Hamaker studies bread characteristics and consumption trends in West Africa for
INTSORMIL. Although he claims he is not a prize-winning bread maker, he is perfecting a
bread recipe. Hamaker’s bread recipe is unique compared to most bread. It calls for sorghum
flour.
His current INTSORMIL research focuses on increasing the almost non-existent demand
for West African-grown sorghum. Although sorghum is an easy crop for farmers to grow in West
Africa’s climate, especially in comparison to wheat, it has a barely-there market in Africa
because of consumer preferences.
Hamaker researches ways to substitute sorghum for wheat in foods like couscous and
bread. His overall goal is to create a demand for sorghum in the food products industry for
farmers. Bread is an expensive food in Africa because Africa imports most of its wheat Hamaker
said. Farmers in West Africa need a profitable crop that will bump their production up from
being self-sustaining farmers to commercial, large-scale crop growers. Hamaker’s primary goal
2. in his sorghum bread research is to benefit African sorghum producers. Hamaker said he can
achieve this goal by creating a sorghum bread that tastes and looks similar to the standard wheat
bread out on the market that appeals to the West African consumer. Hamaker’s work also fulfills
some of INTSORMIL’s top objectives: To improve the nutritional quality and taste of sorghum
and millet and to increase the opportunity for farmers to sell sorghum and pearl millet
domestically.
Taste is on the tongue of the beholder. Bread consumption varies in countries and even
whole regions of Africa. Hamaker said bread is eaten by urban dwellers rather than rural village
people. Urban people have a higher income than villagers and can afford to buy bread. The high
price of wheat and the additional cost of importing wheat drive up the cost of bread.

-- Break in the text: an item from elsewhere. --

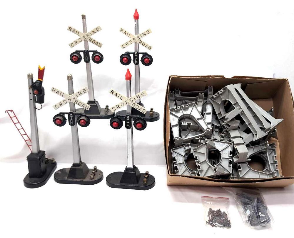 DescriptionPostwar Lionel O Gauge 151 Automatic Semaphore with custom painted flag/blade, four 154 Automatic Highway Crossing Flashers and 110 Trestle Set. 110 may or may not be complete with some metal components, two 154 have custom finials. Please view the photos of the items in this lot carefully as they are being sold as they are shown in our photos with NO returns or refunds.

Bread is not a traditional food in Africa. Its origins date back to when England and
France occupied colonies on the continent, thus, people from different regions of Africa have
different preferences. For example, France occupied the Niger, so, the bread served in this
country may resemble a French baguette. In the countries formerly occupied by England, the
bread may have a fluffy texture and taste similar to the bread eaten in England or the United
States.
As Hamaker tries to increase the demand for sorghum in Africa, his bread needs to taste,
look and feel just like its competitor, wheat bread. A few similarities between sorghum and
wheat do exist. Africans have storage problems with both sorghum and wheat. “They can’t use
whole wheat flour because it doesn’t have good shelf life in the hot humidity,” said Hamaker.
Sorghum shares in this same problem, Hamaker said, because much like wheat, it has a bran
layer. This hard, nutritional outer layer must be removed during the milling process.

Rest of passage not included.